Category Archives: psychosophy

Pokémon and humanistic psychology

What do these two phenomena have in common?

Both inspire people to become their best selves!

What is a psychological person?

Maybe more aptly: who are they?

The psychological person is so necessarily by their being embedded in society among other, conscious agents.

As both conscious and societal, the psychological person has the following attributes:

  • They have a mind.
  • They engage in behaviors.
  • They have a distinct personality.
  • They respond to situations.
  • They experience.
  • They sense and perceive.
  • They think, feel, and motivate.
  • They pay attention.
  • They recall and foresee.
  • They learn.

What might this mean for the person who may not have a personality or general life situation? What if they don’t think, feel, or motivate? Surely, they must experience as a conscious being. Further, personhood has been granted according to societal status over the centuries. Societal, conscious personage is a keenly biosocial label. (If someone ceases to be alive medically, they are no longer technically a “person”.)

The psychological person is biosocial! Another way to say this is that people are biopsychosocial. Some may be more or less psychological than others in certain respects…

Subjectifying the other

How do we do it? By taming the following:

  • Male gaze
  • Outgroup demonization
  • Fundamental attribution error (FAE) – reactively judging oneself–including one’s efforts–as superior, and others’ as inferior

Outgroup demonization is turned inside-out into (“outto”?) ingroup angelification.

The ideal opposite of FAE is FAC, i.e. fundamental attribution correction. Through FAC, we fundamentally attribute correctly, viewing oneself and others as innately, humanly equal and democratic!

From Frankl, to Maslow, to Heidegger…

Frankl’s “paradoxical intention” can be paraphrased as follows: let the fulfillment of second-order desires (e.g., accruing wealth) follow only from meaningful living.

This is consistent with Maslow’s hierarchy of needs, which places self-actualization atop a pyramid of lower-level “deficiency needs” (D-needs). It also follows from his Theory Z–once people achieve a sufficient level of economic security, this theory goes, humans will search for more in life.

What will human persons seek? Specifically, what do human persons aim for (paradoxically or not) once they self-actualize?
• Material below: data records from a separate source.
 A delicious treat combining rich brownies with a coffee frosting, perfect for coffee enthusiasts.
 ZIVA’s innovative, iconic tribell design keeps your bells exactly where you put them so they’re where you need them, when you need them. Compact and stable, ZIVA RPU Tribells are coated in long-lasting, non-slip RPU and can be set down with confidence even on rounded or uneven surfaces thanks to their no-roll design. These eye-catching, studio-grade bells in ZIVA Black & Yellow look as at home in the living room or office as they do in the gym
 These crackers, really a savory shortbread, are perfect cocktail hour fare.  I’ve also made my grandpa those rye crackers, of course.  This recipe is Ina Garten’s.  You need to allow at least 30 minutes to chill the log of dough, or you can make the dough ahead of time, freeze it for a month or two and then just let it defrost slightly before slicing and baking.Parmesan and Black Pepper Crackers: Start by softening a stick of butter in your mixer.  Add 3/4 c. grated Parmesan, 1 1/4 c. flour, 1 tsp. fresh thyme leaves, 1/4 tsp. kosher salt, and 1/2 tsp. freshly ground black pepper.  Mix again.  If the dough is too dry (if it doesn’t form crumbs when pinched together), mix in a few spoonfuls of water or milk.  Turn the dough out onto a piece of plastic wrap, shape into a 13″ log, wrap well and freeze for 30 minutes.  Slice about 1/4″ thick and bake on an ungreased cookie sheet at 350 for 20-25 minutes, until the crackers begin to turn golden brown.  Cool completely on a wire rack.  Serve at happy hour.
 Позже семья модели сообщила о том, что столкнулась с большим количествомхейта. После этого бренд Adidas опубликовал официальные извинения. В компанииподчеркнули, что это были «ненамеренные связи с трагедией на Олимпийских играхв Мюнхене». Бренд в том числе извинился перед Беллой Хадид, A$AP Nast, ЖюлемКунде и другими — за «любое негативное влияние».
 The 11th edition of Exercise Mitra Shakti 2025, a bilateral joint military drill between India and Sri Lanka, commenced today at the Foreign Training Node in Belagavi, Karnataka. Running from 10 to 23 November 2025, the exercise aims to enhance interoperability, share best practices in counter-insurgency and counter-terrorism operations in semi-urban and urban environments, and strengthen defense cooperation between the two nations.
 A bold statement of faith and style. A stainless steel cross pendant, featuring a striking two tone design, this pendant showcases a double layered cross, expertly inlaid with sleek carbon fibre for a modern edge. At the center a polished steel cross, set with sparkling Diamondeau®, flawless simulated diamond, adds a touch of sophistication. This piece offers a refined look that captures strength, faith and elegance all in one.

Human persons will self-transcend.

Maslow viewed self-actualization and peak experiencing as overlapping more often than not. “B-values”–i.e., Being-values–partially comprise the peak experience.

Environment-transcendence is one out of 14 total B-values. Self-actualization partially involves resistance to enculturation, as well as independence from one’s environment.

While typing and reading about Being and the environment, we could propose the following construct: “being-with-nature”. Being-with-nature follows linguistically from Heidegger’s “being-with-others”, or mitsein in German.

Do we save the natural environment by transcending it or being with it? Is such transcendence not also a being-with? A hierarchical relation is still a relation. Once we add the horizontal, egalitarian level to this, we need to either separate environment-transcendence from being-with-nature or fuse them in some novel way.

Accommodating hierarchy and “heterarchy” as proposed above leads us to a holarchic approach. The holarchic approach fuses these perspectives or approaches.

Thus–holarchically-speaking–we may speak of being-with-natural environment-transcendence!

Of course, before transcending the environment, one should transcend oneself. Maslow wrote that the acceptance of self, of others and nature is a self-actualizing characteristic. Perhaps his order here was deliberate?